COLLECTED MATERIAL:
□ □ □ □ □ □ □
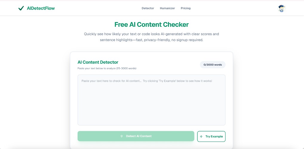 AIDetectFlow helps you check how likely your writing looks AI-generated. The tool provides sentence-level highlights to show exactly which parts of your text may appear machine-written. After detection, you can optionally send your text to the humanizer to achieve a more natural rewrite. This allows you to maintain a professional and human tone across all your written content.
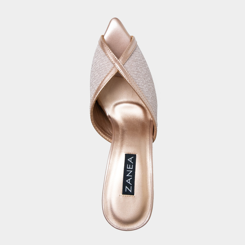 The pointed toe design is for the fashion forward and the glitter material bedazzles any wardrobe.
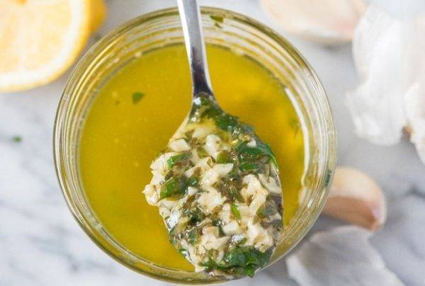 - Смешать сок лимона с растительным маслом, чесноком, майораном.
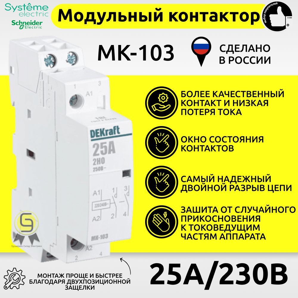 Контактор модульный 2НО 25А 230В МК-103 DEKraft
□ □ □ □ □ □ □
YOUR ASSIGNMENT:
Reproduce the lines above, exactly and exclusively, from the line containing "The pointed toe" down to the last line, both included; pictures are not part of the copy.

EXERCISE RESPONSE:
 The pointed toe design is for the fashion forward and the glitter material bedazzles any wardrobe.
 - Смешать сок лимона с растительным маслом, чесноком, майораном.
 Контактор модульный 2НО 25А 230В МК-103 DEKraft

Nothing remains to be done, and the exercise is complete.